The comment from Google shows up on their blog yesterday and is (we feel) a response to some of the recent claims that Google needs to be more transparent. Before Google’s Transparency report was to show what Google is doing to help combat online piracy. This is something that the RIAA and MPAA keep harping over (even though they are exceptionally abusive in their tactics and requests) and with the MPAA and RIAA lobbying the government to push more restrictive internet laws the show of takedown requests was needed (for many reasons).
Now in an effort to show a pattern of behavior Google is dropping in takedown requests filed by governments along with requests for user information. You can queue the sinister music any time now. Some of you might be wondering why Google would do this with all of the headaches they have going on right now including claims of antitrust behavior in the US and the EU. Well right after the internet blackout over SOPA Google made an official announcement that it would no longer get directly involved in fighting censorship.
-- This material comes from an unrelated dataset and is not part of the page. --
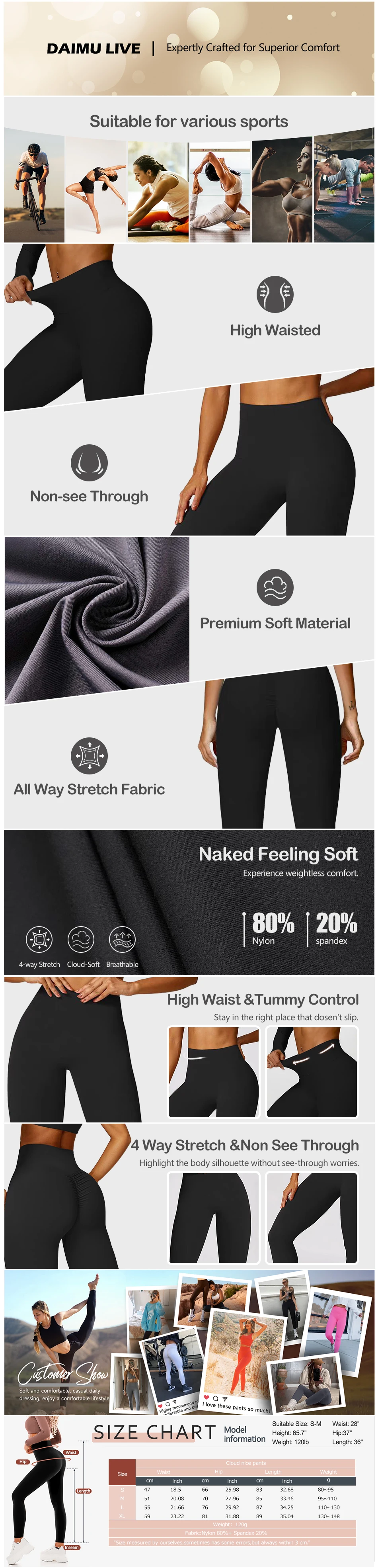 3.Please check the Size Chart ( Last Image ) Before Ordering. And don’t worry about size problems, you can through the Online Returns Center exchange it if the yoga pant size doesn’t fit.

It felt (and possibly rightly) that it was not in their best interest as a company. We suspected that Google would get punished for their direct actions against SOPA and that they did not want to deal with that in the future.
However, another way to deal with the issue and inform them public is to show exactly what governments are doing; all in the name of transparency.
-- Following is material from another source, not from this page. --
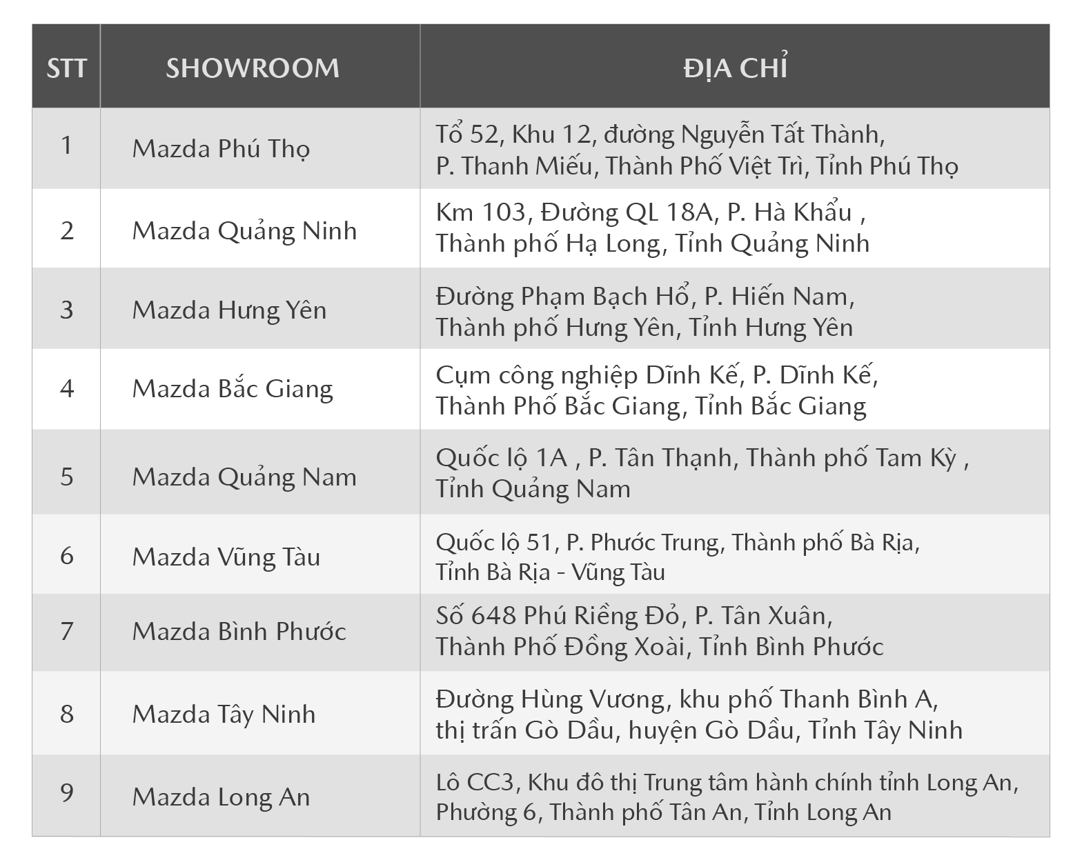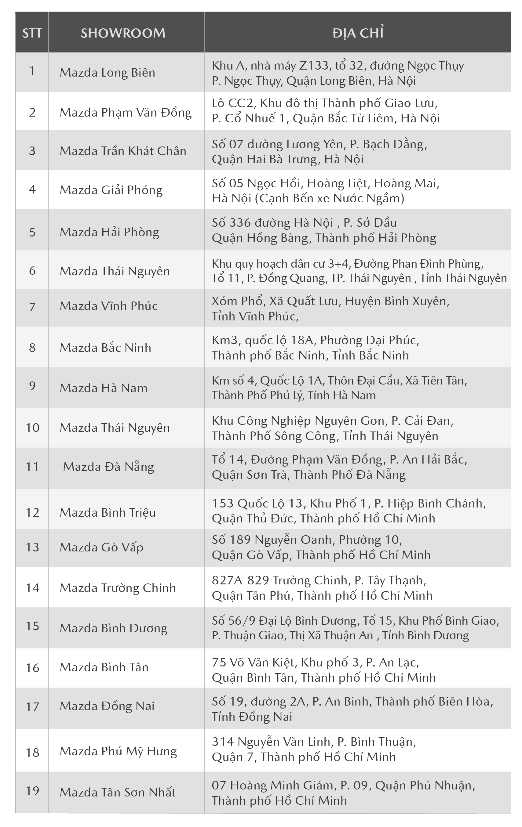 (*) Để có thêm thông tin chi tiết, Quý khách vui lòng liên hệ các Showroom Mazda nằm trong danh sách bên dưới để được tư vấn cụ thể hơn.

One of my favorite lines of the blog post is; “We noticed that government agencies from different countries would sometimes ask us to remove political content that our users had posted on our services. We hoped this was an aberration. But now we know it’s not.”
What is scary is that the US has the largest number of user data requests for the time period shown. This is a staggering 6,321 requests for a total of 12,243 user accounts. Now these are the same people that claim they are not going to abuse laws like CISPA or laws that allow them to by-pass existing privacy laws. Yet we see that this is not completely true. At 6,000 requests from July to December that is something on the order of 32 per day. Google did annotate this to say that the number of US requests also included requests from other governments based on treaties or legal agreements, but still 6,000 in 6 months?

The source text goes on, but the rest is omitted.